John Brumfield, 70, suffered from chronic lower back pain. He underwent a series of treatments before doctors implanted Medtronic’s SynchroMed II Infusion System. The device, which was implanted in Brumfield’s abdomen, is a programmable drug infusion system that delivers medication—in his case, hydromorphone. Several years later, Brumfield began to experience a recurrence of his back pain. His physician recommended replacement of the device’s pump, and Brumfield later underwent surgery. The physician’s surgical report noted that Brumfield’s pump was in a state of “motor stall.”
Brumfield sued Medtronic, Inc., and affiliated entities, alleging strict liability manufacturing defect and negligent manufacturing. The plaintiff also claimed that he was entitled to punitive damages. According to the lawsuit, the infusion device’s motor stalled as a direct result of the defendants’ defective manufacturing and violations of federal law. The plaintiff asserted that the defendants had not conformed to federal requirements when manufacturing the infusion device and cited FDA inspections and warnings to bolster his claims. The defense moved to dismiss, arguing, in part, that the plaintiff’s claims were expressly preempted by the MDAs and that the complaint did not contain a plausible claim entitling him to relief.
Denying in part, the district court noted that Class III medical devices like the SynchroMed II device must undergo extensive oversight and a rigorous premarket approval (PMA) process. The FDA may approve a device maker’s application and issue a PMA approval order based on a comprehensive description of the device’s components, ingredients, and properties, in addition to descriptions of its manufacturing methods, facilities, and processes. Once approved, a manufacturer may not make changes to a device unless FDA permission is obtained, the court said, adding that a device maker also must adhere to the FDA’s Current Good Manufacturing Practices (CGMP).

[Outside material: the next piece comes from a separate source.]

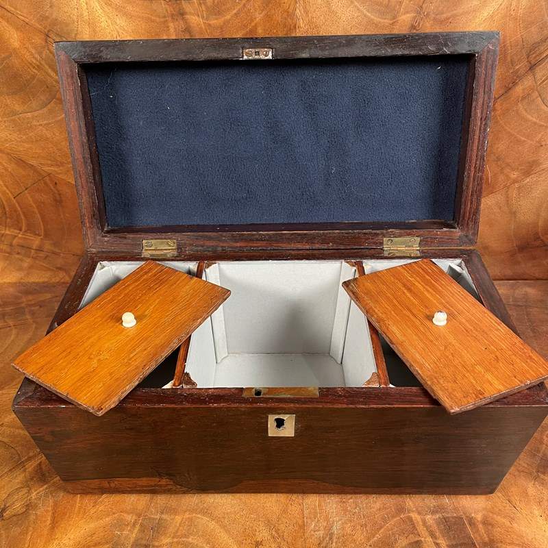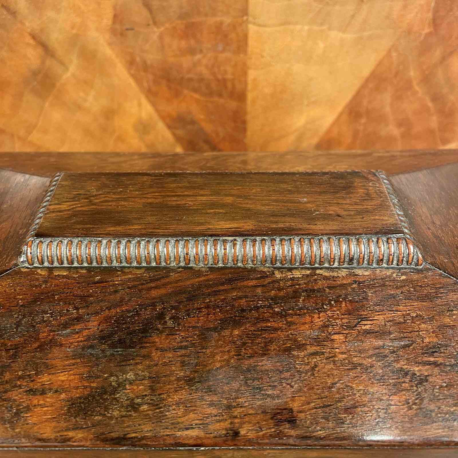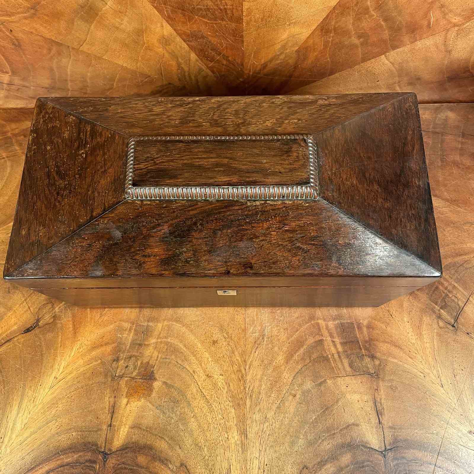 A mahogany sarcophagus shaped tea caddy, with to internal compartments for tea and a space where a mixing bowl would have been.

The court also found that under §360k(a)(1) of the Federal Food, Drug, and Cosmetic Act, all state requirements different from or in addition to any requirement of the act are invalid. Citing case law, the court added that a two-step analysis must be used for determining whether a plaintiff’s claims are preempted. The first step determines whether the device at issue is subject to federal statutory requirements, and the second step considers whether the claims attempt to impose state safety and effectiveness requirements that are different from or in addition to federal requirements, the court said.
Applying these principles here, the court noted that each of the plaintiff’s claims is premised on his assertion that the defendants’ manufacturing practices deviated from the specifications set out in the PMA process and the CGMP regulations and that these deviations caused his device’s motor to stall, leading to his withdrawal symptoms and other injuries. Because the plaintiff’s claims are based on the PMA and CGMP requirements, the court found, his claims are not preempted. The court reasoned that liability based on a deviation from FDA-approved specifications or CGMP regulations does not impose requirements different from or in addition to federal law because those requirements apply to Class III device manufacturers.
Finally, the court also found that the plaintiff had alleged his claims with sufficient specificity to state a plausible claim. The complaint included specific allegations as to the infusion device and included its model and serial numbers as well as the alleged malfunction and its cause. This provided the defendants with adequate notice of the nature and scope of the plaintiff’s claims, the court said, noting that to hold otherwise would impose an impossible pleading standard on the plaintiff.
Consequently, the court held that dismissal of the manufacturing defect and negligent manufacturing claims was not warranted.
Citation: Brumfield v. Medtronic, Inc., 2021 WL 933869 (S.D. W. Va. Mar. 11, 2021).
Plaintiff counsel: AAJ members Robert V. Berthold Jr. and Robert V. Berthold III, both of Charleston, W. Va.; and AAJ member Ellen A. Presby, Dallas.